- WORK REQUIRED -
Give the lines below again, exactly as they stand, and leave out the images.

Stored items:
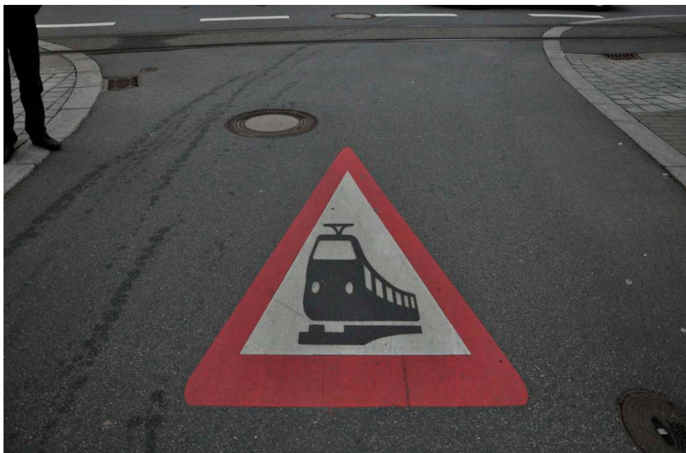
Figur C5 Letbanesymbol i afmærkningen på en sidevej til letbanen i Kirchheim.
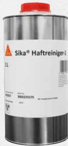
Sika Haftreiniger-1 (1754)
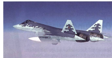
PAK FA T-50 mit neuer Bemalung und Zusatztanks.

Bei der Maschine handelt es sich um den PAK FA T-50-9, er soll Ende April seinen erfolgreichen Jungfernflug gemacht haben. Das russische Verteidigungsministerium hat ein Foto von dem neuesten PAK
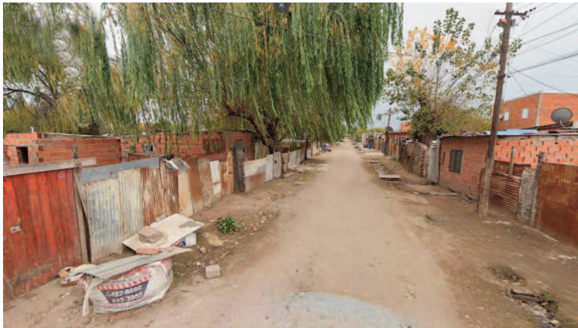
En el pasaje San Francisco de Asís al 2400 ocurrió la muerte.
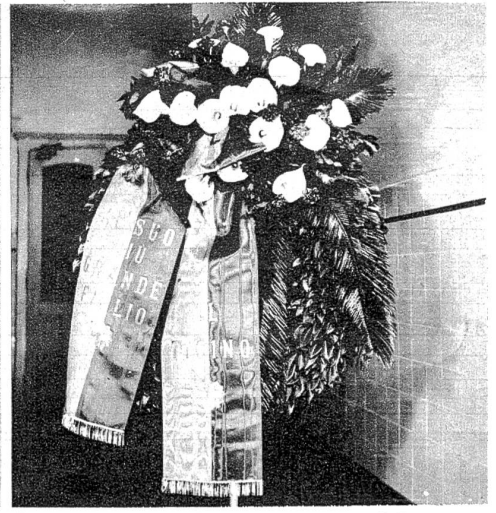
Der Tessin seinem grössten Sohn.
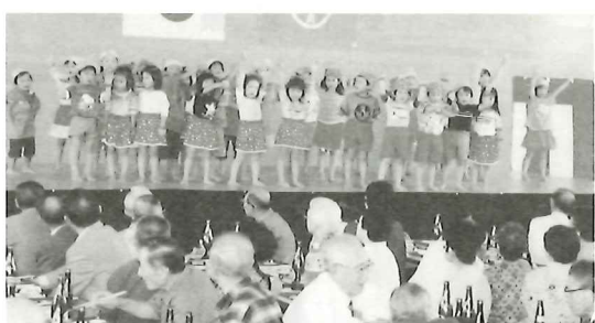
今年も元気に踊ってくれたみどり保育園児
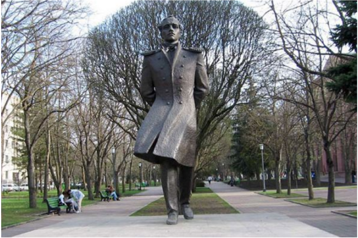
Памятник Михаилу Лермонтову в Ставрополе
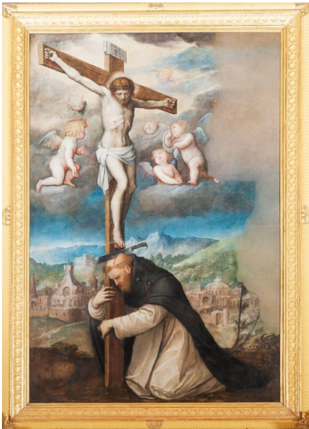
Guglielmo Caccia, Cappella di San Pietro, San Pietro Martire e il Crocifisso
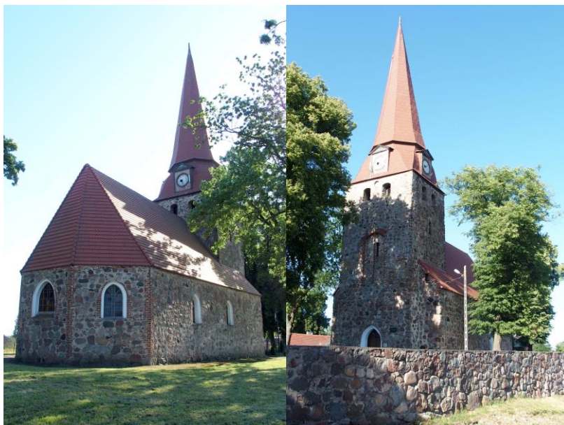
Zdjęcia nr 17, 18. Kościół filialny pw. św. Antoniego, Żukowo
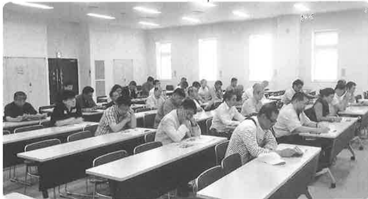
JESCO大阪での 研修の様子▶
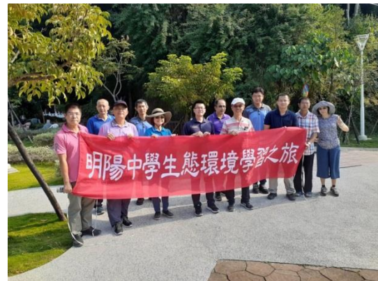
108 年 10 月 25 日環境教育生態研習
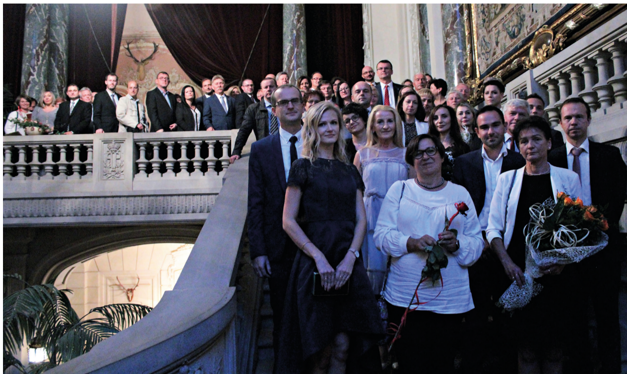
Jubileusz 10-lecia LGD „Ziemia Pszczyńska”

Najważniejszym dla nas wydarzeniem, jakie miało miejsce w drugiej połowie 2018 roku był Jubileusz 10-lecia naszego stowarzyszenia, który odbył się 22 września w Muzeum Zamkowym w Pszczynie. We wrześniu ogłosiliśmy także kolejne nabory wniosków o powierzenie grantu, które odbyły się na przełomie września i października. W październiku LGD „Ziemia Pszczyńska” ponownie przyłączyło się do organizacji obchodów Ogólnopolskiego Tygodnia Kariery, w tym roku odbył się pod hasłem „Bądź architektem swojego szczęścia”. Tak jak w latach poprzednich, w ramach tego przedsięwzię-
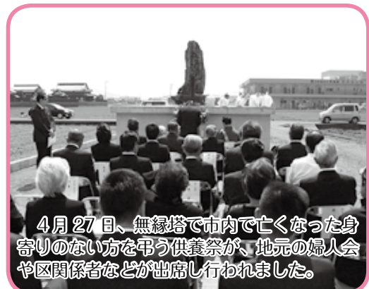
4月27日、無縁塔で市内で亡くなった身寄りのない方を弔う供養祭が、地元の婦人会や区関係者などが出席し行われました。

■先日友達と「シングリッシュ」について話しました。「シングリッシュ」はシンガポール人が日常生活で話している言葉です。「シングリッシュ」はイギリス英語・マレー語・タミル語に加え出身者が多い福建語・さらにテレビ等の影響によるアメリカ英語、オーストラリア英語の単語・文法構成に影響されているところが、多い特別な言葉です。シングリッシュの中によく使う言葉はたぶん「lah」と「leh」だと思います。それは文の語尾につけられて強調を表し、日本語でいう「～だよ」のようなニュアンスだそうです。友達に意味を何回も説明したけど、あまり理解してもらえませんでした。それは多分地元の方しか理解できないのかもしれないですね(笑)。(シエリル)
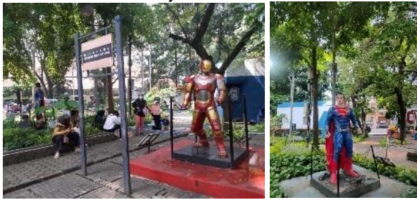
Gambar 16. Penerapan tema di Taman Superhero (K6) Tata Letak

Di dalam area taman, penerapan tema superhero lokal ataupun mancanegara mampu membuat anak-anak merasa nyaman secara visual.
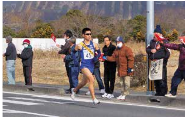
第72回南九州駅伝競走大会 14年ぶりの出場

2月4日、「第72回南九州駅伝競走大会」が行われました。駅伝は、真幸地区体育館前からスタートし都城市立美術館前をゴールとした7区間61・3kmで行われ、45チームが出場しました。えびの市からは、自衛隊員を中心に構成された道の駅えびのチームが出場しました。これは、14年ぶりの出場です。結果は、3時間40分18秒で38位でした。治道では、市民の皆さんが「頑張れ」と手を叩きながら声援を送っていました。
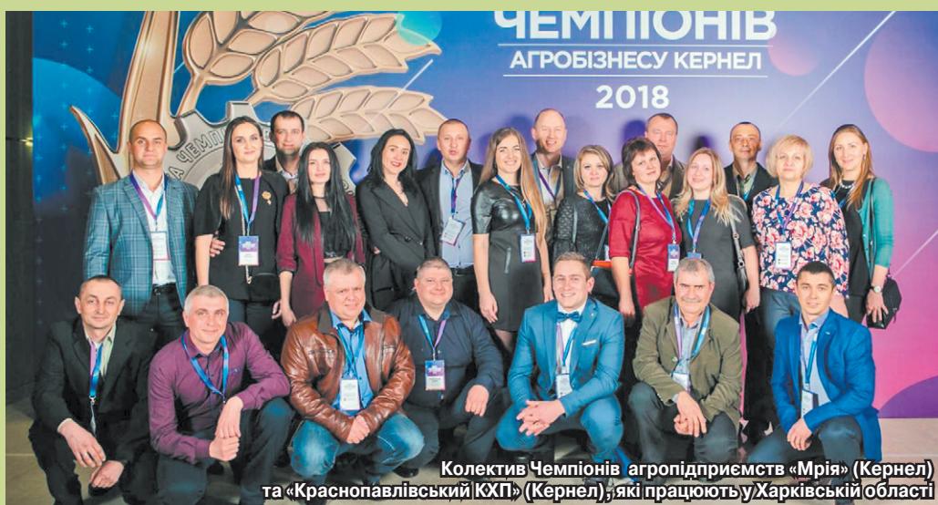
Колектив Чемпіонів агропідприємств «Мрія» (Кернел) та «Краснопавлівський КХП» (Кернел), які працюють у Харківській області
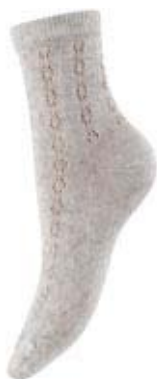
Артикул С 87
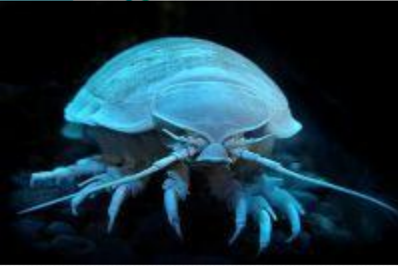
Гигантские изоподы крупные равноногие раки.
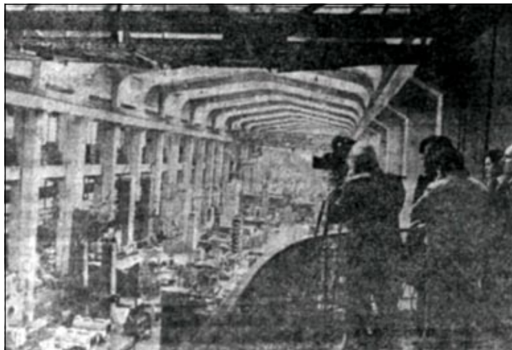
U JUGOTURBINI. Vukotićevu ekipu je u proljeće 1979. na terenu posjetio i fotoreporter Karlovačkog tjednika.

No, tu nije kraj iznenađenjima, ali i ekskluzivnim filmskim zapisima. Jer, iste večeri nakon Karlova , na Edisonovo platno dolazi Petak , film koji su 60-ih godina prošlog stoljeća snimili srednjoškolci, članovi Kino sekcije tadašnje Gimnazije "Dr. Ivan Ribar". Ne propustite izvrsnu priliku da usporedite rad sadašnjih gimnazijske Videodružine i Kinokluba s filmskom produkcijom mladih u nekom prošlom vremenu! (mp)
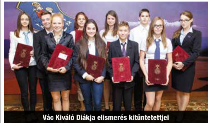
Vác Kiváló Diákja elismerés kitüntetettjei

Szeptember 18-án tartotta meg az önkormányzati választások előtti utolsó ülését Vác Város Képviselőtestülete. Ezzel négy év után leköszönt a mostani grémium.
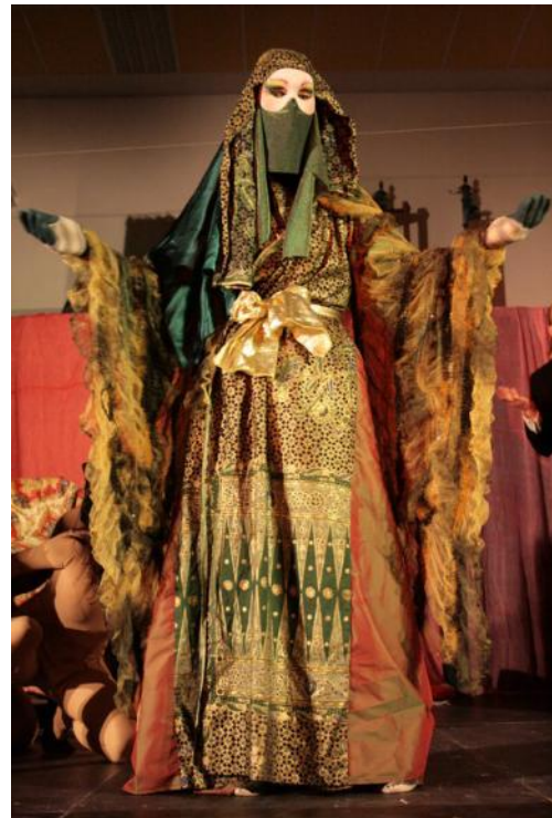
ZLO V PŘSTROJENÍ, KEJKLIŘSKÁ POHÁDKA
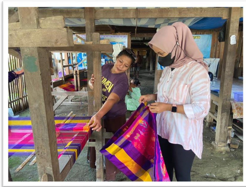
Foto bersama informan
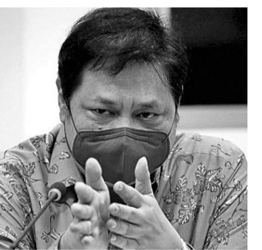
从业党总主席艾朗卡

事情。在国警刑事调查局技术工作会议中，里斯提约将军还向刑侦局警察成员传达了一些重点指示，以便适当地履行其职责。其中涉及采矿犯罪、森林和陆地火灾、常规犯罪、针对妇女和儿童的犯罪行为，以及反足球黑手党特遣部队、关于油气、腐败犯罪、处理央行援金资金的国家追债权、毒品犯罪、网络犯罪，提高法医化验中心、国家犯罪信息中心与印度尼西亚指纹自动识别系统中心的质量。(亮剑)
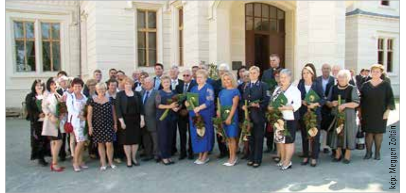
kép: Megyén Zoltán

a Fejér Megyei Közgyűlés elnöke köszöntőjében kiemelte, hogy a Megyenap a Fejér megyében élők ünnepe, amely nekünk és rólunk szól: „Arra szolgál, hogy egyrészt elismerjük azokat a hétköznapi embereket, akik nem hétköznapi tettet hajtanak végre saját szakmájukban, hivatásukban vagy életútjuk során. Emellett fontos rendeltetése a Megyenapnak, hogy áttekintsük a megye helyzetét, mérleget vonjunk, megvizsgáljuk, hogy jó irányba haladnak-e a dolgok, fejlődik-e a megye, a Fejér Megyei Önkormányzat jól végzi-e a tevékenységét.”
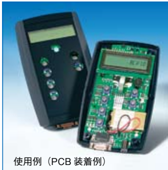
使用例 (PCB 装着例)

- RESULT FOR THIS EXERCISE -
Figur C5 Letbanesymbol i afmærkningen på en sidevej til letbanen i Kirchheim.
Sika Haftreiniger-1 (1754)
PAK FA T-50 mit neuer Bemalung und Zusatztanks.

Bei der Maschine handelt es sich um den PAK FA T-50-9, er soll Ende April seinen erfolgreichen Jungfernflug gemacht haben. Das russische Verteidigungsministerium hat ein Foto von dem neuesten PAK
En el pasaje San Francisco de Asís al 2400 ocurrió la muerte.
Der Tessin seinem grössten Sohn.
今年も元気に踊ってくれたみどり保育園児
Памятник Михаилу Лермонтову в Ставрополе
Guglielmo Caccia, Cappella di San Pietro, San Pietro Martire e il Crocifisso
Zdjęcia nr 17, 18. Kościół filialny pw. św. Antoniego, Żukowo
JESCO大阪での 研修の様子▶
108 年 10 月 25 日環境教育生態研習
Jubileusz 10-lecia LGD „Ziemia Pszczyńska”

Najważniejszym dla nas wydarzeniem, jakie miało miejsce w drugiej połowie 2018 roku był Jubileusz 10-lecia naszego stowarzyszenia, który odbył się 22 września w Muzeum Zamkowym w Pszczynie. We wrześniu ogłosiliśmy także kolejne nabory wniosków o powierzenie grantu, które odbyły się na przełomie września i października. W październiku LGD „Ziemia Pszczyńska” ponownie przyłączyło się do organizacji obchodów Ogólnopolskiego Tygodnia Kariery, w tym roku odbył się pod hasłem „Bądź architektem swojego szczęścia”. Tak jak w latach poprzednich, w ramach tego przedsięwzię-
4月27日、無縁塔で市内で亡くなった身寄りのない方を弔う供養祭が、地元の婦人会や区関係者などが出席し行われました。

■先日友達と「シングリッシュ」について話しました。「シングリッシュ」はシンガポール人が日常生活で話している言葉です。「シングリッシュ」はイギリス英語・マレー語・タミル語に加え出身者が多い福建語・さらにテレビ等の影響によるアメリカ英語、オーストラリア英語の単語・文法構成に影響されているところが、多い特別な言葉です。シングリッシュの中によく使う言葉はたぶん「lah」と「leh」だと思います。それは文の語尾につけられて強調を表し、日本語でいう「～だよ」のようなニュアンスだそうです。友達に意味を何回も説明したけど、あまり理解してもらえませんでした。それは多分地元の方しか理解できないのかもしれないですね(笑)。(シエリル)
Gambar 16. Penerapan tema di Taman Superhero (K6) Tata Letak

Di dalam area taman, penerapan tema superhero lokal ataupun mancanegara mampu membuat anak-anak merasa nyaman secara visual.
第72回南九州駅伝競走大会 14年ぶりの出場

2月4日、「第72回南九州駅伝競走大会」が行われました。駅伝は、真幸地区体育館前からスタートし都城市立美術館前をゴールとした7区間61・3kmで行われ、45チームが出場しました。えびの市からは、自衛隊員を中心に構成された道の駅えびのチームが出場しました。これは、14年ぶりの出場です。結果は、3時間40分18秒で38位でした。治道では、市民の皆さんが「頑張れ」と手を叩きながら声援を送っていました。
Колектив Чемпіонів агропідприємств «Мрія» (Кернел) та «Краснопавлівський КХП» (Кернел), які працюють у Харківській області
Артикул С 87
Гигантские изоподы крупные равноногие раки.
U JUGOTURBINI. Vukotićevu ekipu je u proljeće 1979. na terenu posjetio i fotoreporter Karlovačkog tjednika.

No, tu nije kraj iznenađenjima, ali i ekskluzivnim filmskim zapisima. Jer, iste večeri nakon Karlova , na Edisonovo platno dolazi Petak , film koji su 60-ih godina prošlog stoljeća snimili srednjoškolci, članovi Kino sekcije tadašnje Gimnazije "Dr. Ivan Ribar". Ne propustite izvrsnu priliku da usporedite rad sadašnjih gimnazijske Videodružine i Kinokluba s filmskom produkcijom mladih u nekom prošlom vremenu! (mp)
Vác Kiváló Diákja elismerés kitüntetettjei

Szeptember 18-án tartotta meg az önkormányzati választások előtti utolsó ülését Vác Város Képviselőtestülete. Ezzel négy év után leköszönt a mostani grémium.
ZLO V PŘSTROJENÍ, KEJKLIŘSKÁ POHÁDKA
Foto bersama informan
从业党总主席艾朗卡

事情。在国警刑事调查局技术工作会议中，里斯提约将军还向刑侦局警察成员传达了一些重点指示，以便适当地履行其职责。其中涉及采矿犯罪、森林和陆地火灾、常规犯罪、针对妇女和儿童的犯罪行为，以及反足球黑手党特遣部队、关于油气、腐败犯罪、处理央行援金资金的国家追债权、毒品犯罪、网络犯罪，提高法医化验中心、国家犯罪信息中心与印度尼西亚指纹自动识别系统中心的质量。(亮剑)
kép: Megyén Zoltán

a Fejér Megyei Közgyűlés elnöke köszöntőjében kiemelte, hogy a Megyenap a Fejér megyében élők ünnepe, amely nekünk és rólunk szól: „Arra szolgál, hogy egyrészt elismerjük azokat a hétköznapi embereket, akik nem hétköznapi tettet hajtanak végre saját szakmájukban, hivatásukban vagy életútjuk során. Emellett fontos rendeltetése a Megyenapnak, hogy áttekintsük a megye helyzetét, mérleget vonjunk, megvizsgáljuk, hogy jó irányba haladnak-e a dolgok, fejlődik-e a megye, a Fejér Megyei Önkormányzat jól végzi-e a tevékenységét.”
使用例 (PCB 装着例)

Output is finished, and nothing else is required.